Notice: On March 31, it was announced that Statalist is moving from an email list to a forum. The old list will shut down on April 23, and its replacement, statalist.org is already up and running.


[Date Prev][Date Next][Thread Prev][Thread Next][Date Index][Thread Index]

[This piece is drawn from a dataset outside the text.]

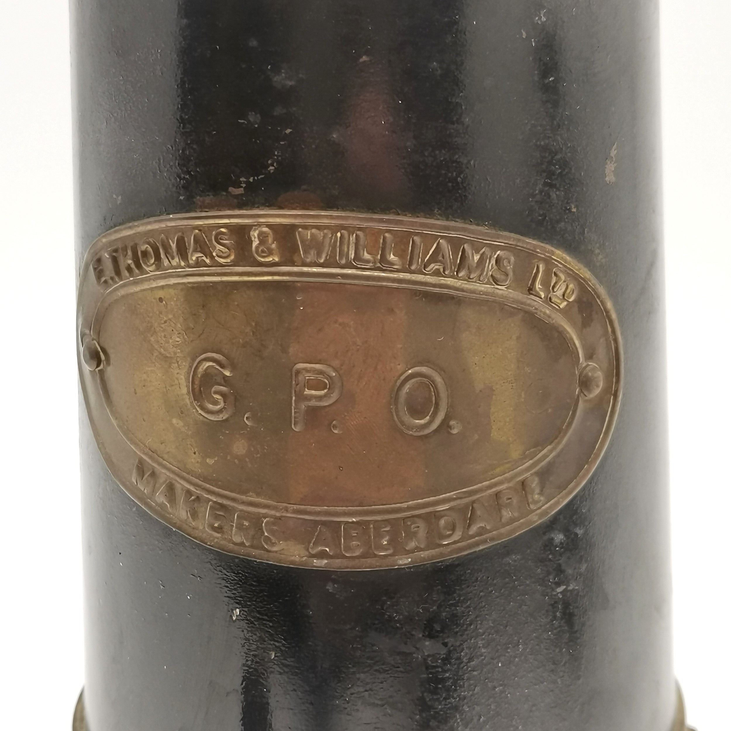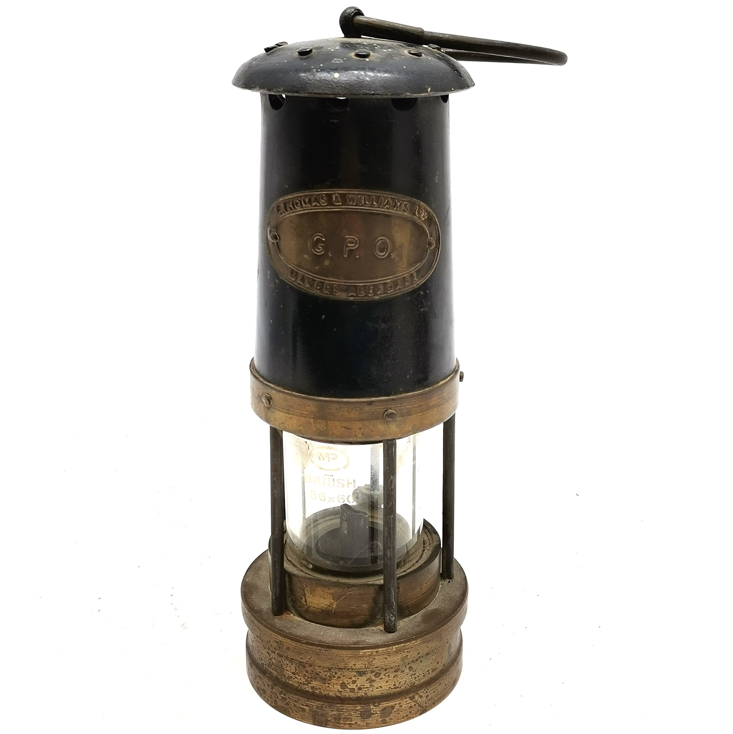 Vintage E Thomas & Williams (Aberdare) GPO miners lamp in brass & steel - 25cm high with no obvious damage ~ SOLD IN AID OF STALBRIDGE COMMUNITY CHARITY

RE: st: RE: Remove prefixes (e.g., >, <, and +/-) from numbers stored as strings


From   "David Radwin" <dradwin@mprinc.com>
To   <statalist@hsphsun2.harvard.edu>
Subject   RE: st: RE: Remove prefixes (e.g., >, <, and +/-) from numbers stored as strings
Date   Fri, 8 Jun 2012 11:32:41 -0700 (PDT)

Richard,

On the first question, I imagine there is a way to -ignore- all non-numeric 
characters, perhaps by using a loop to create a macro of all the numeric 
ASCII codes (see below), but I doubt it would be worth the effort. Your 
intuition is probably the better route.

On the second question, you can specify the ASCII character for -destring- 
to ignore, which in this case is 177.

. destring myvariable, ignore("`=char(177)'")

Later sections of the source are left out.